Für Mario Facco sind einige Kommentare nicht gerade schmeichelhaft. Der eine legt ihm den Rücktritt nahe, der andere attestiert ihm, er sei "keiner, der die Innenstadt voranbringt", der dritte kann gleich auf die gesamte Werbegemeinschaft verzichten

Für Mario Facco sind einige Kommentare nicht gerade schmeichelhaft.
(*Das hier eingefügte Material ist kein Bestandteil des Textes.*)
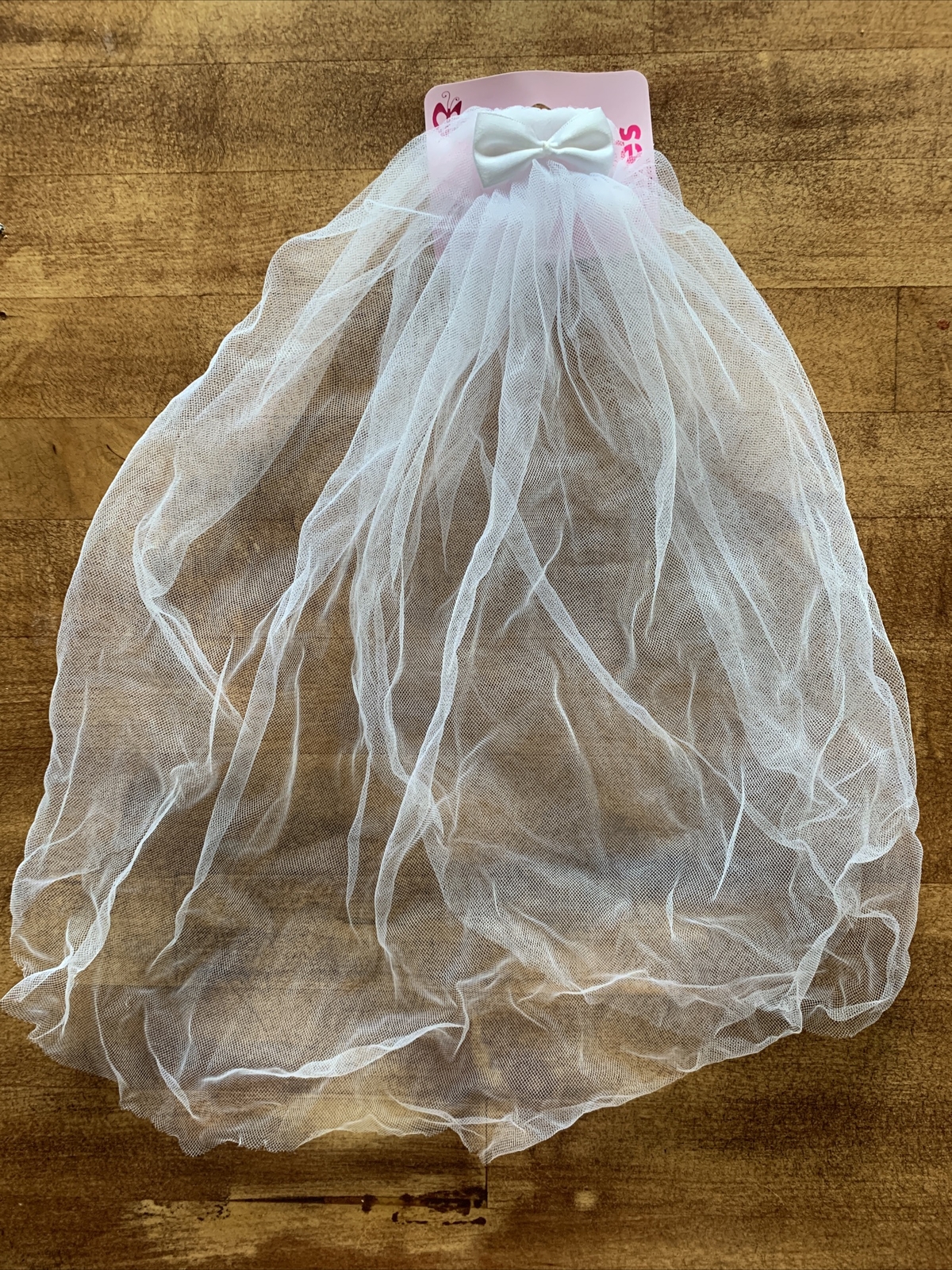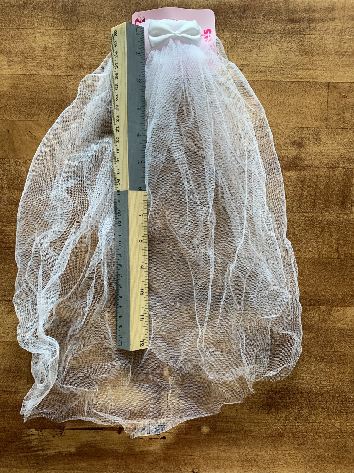 NWT CLAIRE S GIRLS WHITE TULLE VEIL WITH BOW COMMUNION FLOWER GIRL 15 W/ COMB

Der eine legt ihm den Rücktritt nahe, der andere attestiert ihm, er sei "keiner, der die Innenstadt voranbringt", der dritte kann gleich auf die gesamte Werbegemeinschaft verzichten. Ein Mitglied der "Zweibrücken"-Gruppe hält Faccos Überlegungen eigene Erfahrungen entgegen: "Man sollte sich aber auch einmal überlegen, was Herr Facco manchmal für einen Unsinn redet. Von wegen die Lebensmittelabteilung in der Kaufhalle lief nicht. Ohne sie hätte die Kaufhalle schon viel früher schließen müssen. Die Lebensmittelabteilung war in der Kaufhalle der größte Umsatzträger. Vor allem hat die Kaufhalle auch noch anständige Löhne gezahlt. Meine Frau hat 36 Jahre in der Kaufhalle gearbeitet. Obwohl sie heute mehr Stunden macht, verdient sie heute nur halb so viel wie in der Kaufhalle."Also alles nur Faccos Schuld? Und woran hängt es in Zweibrücken? Was müsste passieren, damit wieder mehr (Geschäfts-)leben in die Stadt kommt? Manche meinen, man müsse die Innenstadt oder zumindest den Herzogplatz wieder für Autos öffnen. "Sehr guter Ansatz", lobt ein weiterer Diskutant. "Schlossplatz und Herzogsplatz sollten wieder befahrbar sein. Von der Maxstraße muss man wieder direkt in die Hofenfelsstraße kommen."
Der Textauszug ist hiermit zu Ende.